Recorded information →
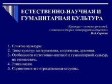 ЕСТЕСТВЕННО-НАУЧНАЯ И ГУМАНИТАРНАЯ КУЛЬТУРА Культура система ценностей
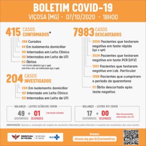 Chega a 415, o número de casos confirmados de Covid-19 no município de Viçosa. Boletim desta quarta-feira (07) informou que mais 6 pessoas testaram positivo para a doença no município.
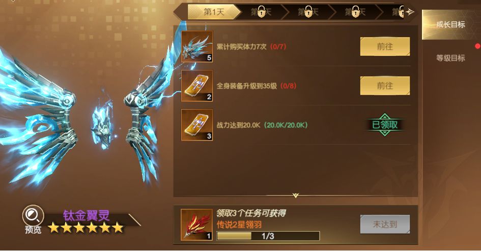 完成指定任务即可获得【自选翼灵】、【鸿瑞·翎羽】、【传说魔印】、【5星传说装备自选箱】等奖励!
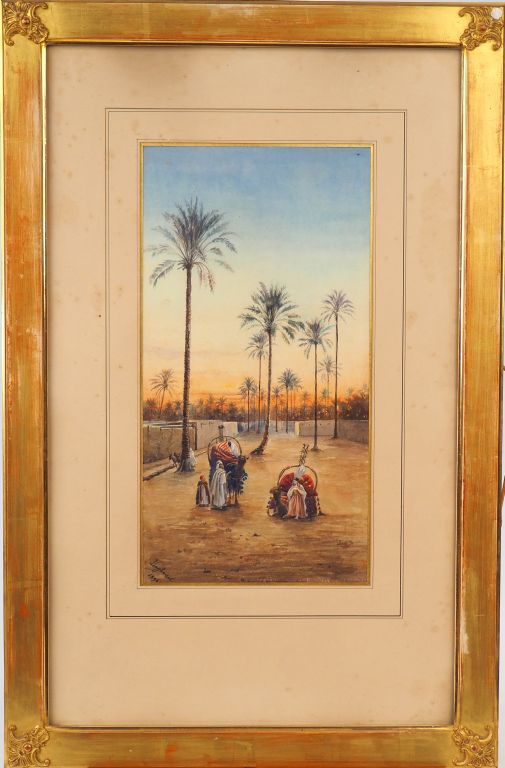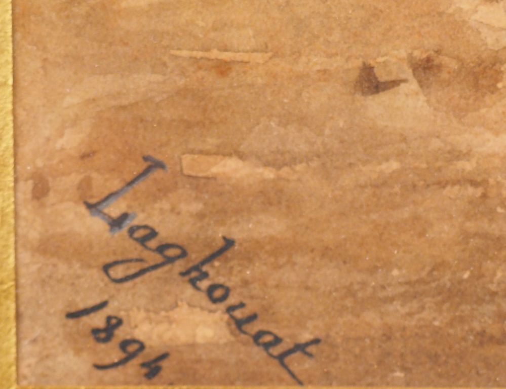LAGHOUAT. 'Chameliers au crépuscule' Aquarelle. Signée en bas à gauche et datée 1894. Dim. à vue : 38 x 19.5 cm.
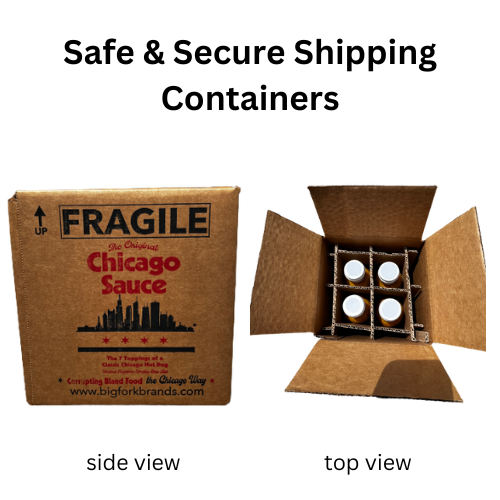 SHIPPING: Chicago Fry Dipping Sauce ships in a custom box that will protect the quality glass bottles from breaking without using any plastic.

Task details →
Please give the data again in full, exactly as written, but without any images.

Exercise result →
 ЕСТЕСТВЕННО-НАУЧНАЯ И ГУМАНИТАРНАЯ КУЛЬТУРА Культура система ценностей
 Chega a 415, o número de casos confirmados de Covid-19 no município de Viçosa. Boletim desta quarta-feira (07) informou que mais 6 pessoas testaram positivo para a doença no município.
 完成指定任务即可获得【自选翼灵】、【鸿瑞·翎羽】、【传说魔印】、【5星传说装备自选箱】等奖励!
LAGHOUAT. 'Chameliers au crépuscule' Aquarelle. Signée en bas à gauche et datée 1894. Dim. à vue : 38 x 19.5 cm.
 SHIPPING: Chicago Fry Dipping Sauce ships in a custom box that will protect the quality glass bottles from breaking without using any plastic.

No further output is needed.